The Bill & Melinda Gates Foundation dropped nearly half a crore on an idea of using ultrasound as a temporary and reversible male contraceptive. Sounds fancy, doesn’t it? Let’s rephrase. Bill Gates gave someone 50 lakhs to blast your balls with supersonic weapons so all your sperm die.
It’s only scary ‘cause it’s true.
Excerpts from the Times news article say something along the lines of “Ultrasound produces a heating and vibrating effect that appears to disable sperm cells and deplete the stem cells that are required to replenish sperm reserves in the testes. Post-treatment images of the rat testes showed the tubules inside the testes completely lacking in sperm with almost no immature stem cells[The Times].”
The scientists have already tried blasting the balls of male rats, with “promising results.” With further testing on lower mammals we could have this being done on humans before 2012. The big game plan, apparently, is to have this being used the world over to replace most other forms of condoms.
The scientists behind this blasted theory are convinced that there’s a marketful of men who’re willing to do this.
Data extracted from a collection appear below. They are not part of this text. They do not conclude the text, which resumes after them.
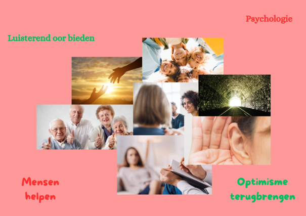 In de collage over mijn droombaan heb ik dezelfde kleuren en lettertypen gebruikt. Dit keer heb ik de kleur rood als achtergrond gebruikt, omdat je in dit werkveld erg sterk moet zijn. Zowel cliënt als medewerker. Daarnaast komt ook het groen weer terug, omdat het de bedoeling is dat uiteindelijk na behandelingen iedereen wat positiever verder door het leven kan.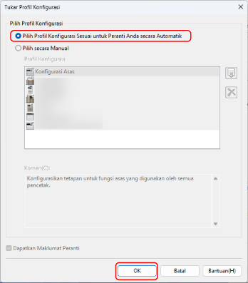 Pilih [Pilih Profil Konfigurasi Sesuai untuk Peranti Anda secara Automatik] → klik [OK].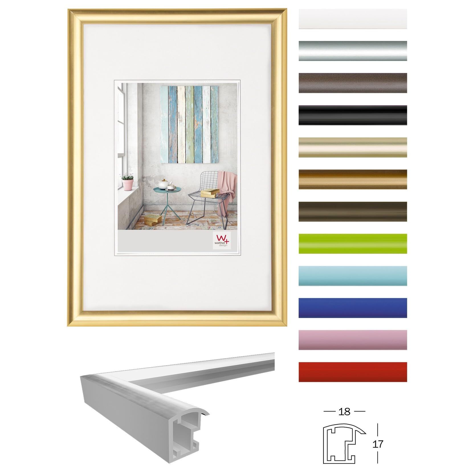 walther design Bilderrahmen silber 18 x 24 cm Trendstyle Kunststoffrahmen KP824S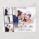 Elegant elopement or private wedding announcement and reception invitation postcard featuring your wedding day photo overlayed with a strip of three smaller square photos and "Happily Ever After" in a stylish modern script. Add your first names, wedding date and location. On the reverse side, personalise your marriage announcement and reception invitation and add your names in a signature-like script.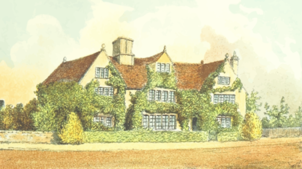 This features a large, old house with many windows. It is situated on the side of a road and has ivy growing up its walls, giving it an aged appearance. The house appears to be in need of some maintenance, as the ivy has taken over parts of the building. The scene is depicted in a watercolor style, adding a sense of nostalgia and charm to the image.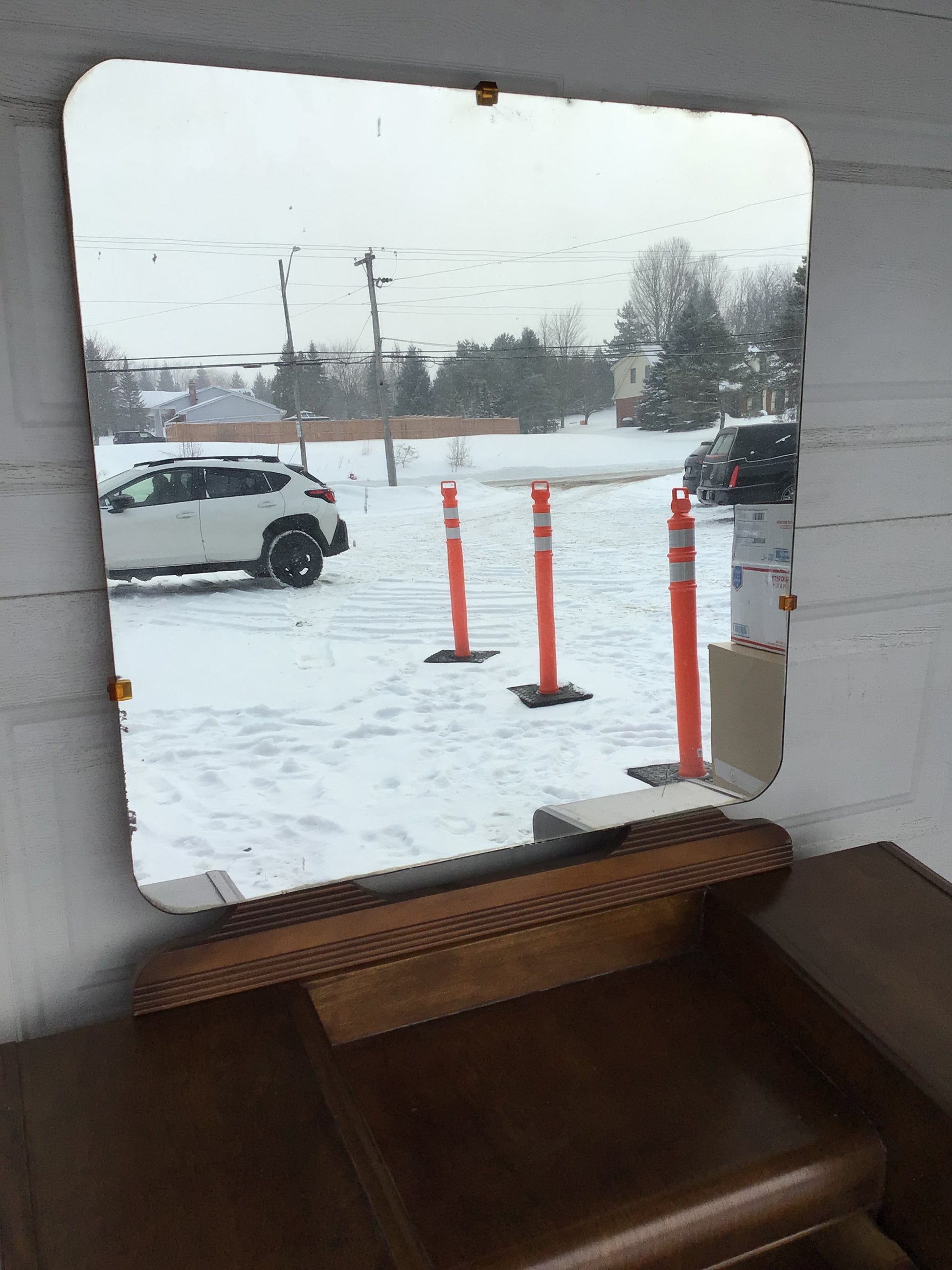 Art Deco Vanity Table - Antique Art Deco waterfall vanity with a mirror. Typically features hardwood construction with maple or walnut veneer. The style known as "waterfall" is characterized by its curved edges and rounded front. Vanities like this were popular in the 1940's.

Of course, it’s quite possible that the scientists who proposed this plan are in no danger of having sex with anyone, since they clearly don’t understand either gender of the human species.
This little nugget, full of pointless facts, would be fine, and could easily be dismissed as another novel way for Bill Gates to fritter away the fortune he’s acquired through skill and cunning.
Except….
The Conspiracy and leap of logic
It’s obvious to anyone who’s read the last few sentences that Bill Gates has entered into a conspiracy with a condom company. There’s absolutely no way in hell that any sober or even drunk out of his frikking skull guy would agree to it. Picture this:
MAN 1: Hey, man, you’re drunk.
MAN 2(drunk and bent over): Hey, man, I’m drunk too.
MAN 1: What’s 17 squared?
MAN 2: A lot of f#$@ing squares.
MAN 1: I think in this stage you’re likely to indulge in risky sexual behavior.
MAN 2: I wish… yeah, sure. Why not?
MAN 1: Come. Let’s go and blast your balls with ultra sonic waves so you’ll have no sperm for the next six months. That way, you won’t knock anyone up.
MAN 2(suddenly straightening up): No, I think I’ll get a university education that’ll statistically help me earn a higher wage. I found your theories on differential equations fascinating. Yes, I’ll major in that or fractals. You have a splendid day, old chap. (shakes hands) and, if you ever speak of blasting my balls again I’ll have you killed. You must know that. Carry on.
I think it’s safe to say that this form of contraception isn’t going to catch on. Certainly not the world over. I don’t think anyone’s that secure. So why is Bill throwing his money away? There’s only one group of people who stand to gain, (Two if you count the four people who think the human population isn’t high enough) the condom companies. Given the choice between having some crazy frustrated med student take aim at my family jewels and lower the carat value, however temporarily, or buying a rubber balloon at 10 bucks a pop, I think I can safely predict my reaction.
How will we know for sure… before it happens?
Okay, putting a conspiracy theory out there is one thing, but there are other predictions we need to be able to make that will prove we’re on the right track. In two months, the Gates Foundation will announce a $2 million grant for a proposal to have small spaceships fire phasers at the general abdominal area to also reduce motility and act as a contraceptive. That’s when you’ll know for sure that ol’ Bill Gates is in bed with the condom companies for sure. Yes, tiny little microscopic spaceships with Phasers.